Washburn University subsequently filed an application to operate a broadcast license to operate a television station on channel 11. The station first signed on the air on October 21, 1965, as a member of National Educational Television (NET). It was the first educational television station in Kansas, and would be the only one in the state until the Sunflower Educational Television Corporation signed on KPTS in Hutchinson in January 1970. KTWU originally operated from studio facilities located in Topeka's Signal Hill neighborhood, near Interstate 70 and Wanamaker Road, initially employing only five staffers. Stauffer Communications owned the Signal Hill building and leased it to Washburn. Stauffer also leased WIBW-TV's original tower in Maple Hill to Washburn.

The station began to struggle after an F5 tornado hit Topeka on June 8, 1966, damaging or destroying nearly every building on campus. The university chose to reallocate money that was originally earmarked for channel 11's operational budget to help in Washburn's rebuilding effort, leaving KTWU to rely mainly on viewer donations and private funding from local foundations and businesses, operating on a lean annual budget of $50,000. Older equipment leased to the station for production and master control services frequently broke down, and broadcasts were occasionally interrupted due to the aging transmission line on its broadcast tower. The Signal Hill studio was also periodically invaded by snakes, mice and insects. Local programming on the station during its early years included high school and college telecourses, and coverage of various sports.

On October 5, 1970, KTWU became a charter member of PBS, which was formed through the merger of National Educational Television with its Newark, New Jersey member station WNDT (now WNET) that was assisted by the Ford Foundation and the Corporation for Public Broadcasting.

For most of its first four decades on the air, KTWU signed-off at midnight seven nights a week.

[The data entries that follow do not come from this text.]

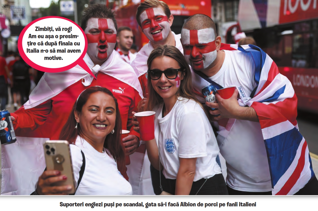 – Ce voiam să zic e că nu m-am îmbrăcat cu tricoul ăsta pentru că țin cu Anglia, ci pentru că nu aveam ce altceva să pun pe mine. Eu aș fi preferat să port tricoul Italiei, pentru că știu că-i plin de moldoveni pe-aici și nu vreau să iasă scandal.
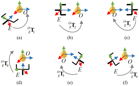 To calculate the picking pose for the object, we require the transformation of three coordinate frames: object frame O, camera frame C, and gripper frame E. As shown in Figure 7, the transformation relationships are as follows.
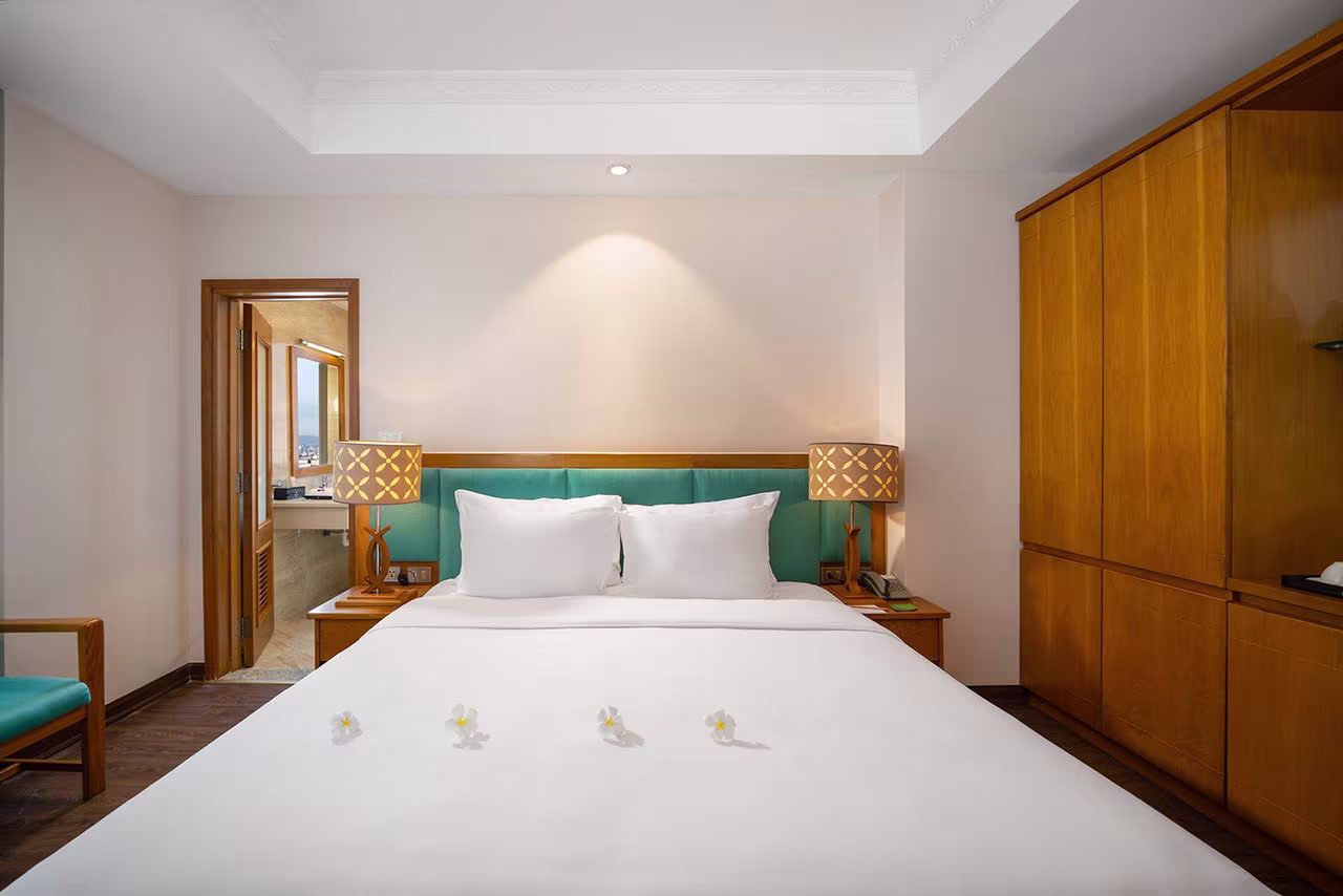 The Junior Double Room offers a cozy and well-appointed space, ideal for couples, family or business travelers seeking comfort and convenience. With a size of approximately 26m², the room is designed with modern interiors and thoughtful amenities to ensure a pleasant stay. Each room features one king-sized bed, dressed in pure white cotton and topped with feather pillows and a lightweight duvet, hand shower, good work area, a flat-screen TV with international channels...

On September 5, 1998, the station converted to a 24-hour programming schedule, filling hours not programmed by KTWU with shows from PBS' default satellite schedule.

==Programming==
In addition to programming provided by PBS and through independent distributors such as American Public Television, KTWU produces several local programs including (as of 2015) Sunflower Journeys (a program focusing on the history of notable places and people throughout Kansas, which is syndicated regionally to fellow PBS members KCPT in Kansas City, KPTS in Wichita and the Smoky Hills PBS network in western Kansas), Theater of The Mind (an anthology series of televised adaptations of radio plays) and I’ve Got Issues (a monthly community affairs program).

The station has won several Emmy Awards throughout its history, including wins for its production of the Washburn University Holiday Vespers concert, a radio play adaptation of Dracula (as part of its Theater of the Mind series) and Sunflower Journeys.

==Technical information==

===Subchannels===
The station's signal is multiplexed:

Subchannels of KTWU
| Channel | Res. | Short name | Programming |
| 11.1 | 720p | KTWU-HD | PBS |
| 11.2 | 480i | KTWU-DT2 | World (4:3) |
| 11.3 | KTWU-DT3 | KTWU Enhance / First Nations Experience (4:3) |

From 2003 (when KTWU signed on its digital signal on UHF channel 23) to 2005, the station carried PBS' high definition service, PBS HD Channel, on its main channel. On October 1, 2005, KTWU replaced PBS-HD on virtual channel 11.1 with the main schedule on the analog signal.

On May 4, 2009, KTWU became a member station of MHz Worldview, carrying the network on digital subchannel 11.2 (with the exception of a two-hour window from 6 to 8 p.m., in which the subchannel carries PBS Kids programming). On that same date, KTWU launched a third subchannel branded as "KTWU Enhance", which primarily carries lifestyle and how-to programming from Create as well as a selection of additional PBS programming.

===Analog-to-digital conversion===
KTWU shut down its analog signal, over VHF channel 11, on February 17, 2009, the original target date on which full-power television stations in the United States were to transition from analog to digital broadcasts under federal mandate (which was later pushed back to June 12, 2009). The station's digital signal relocated from its pre-transition UHF channel 23 to VHF channel 11.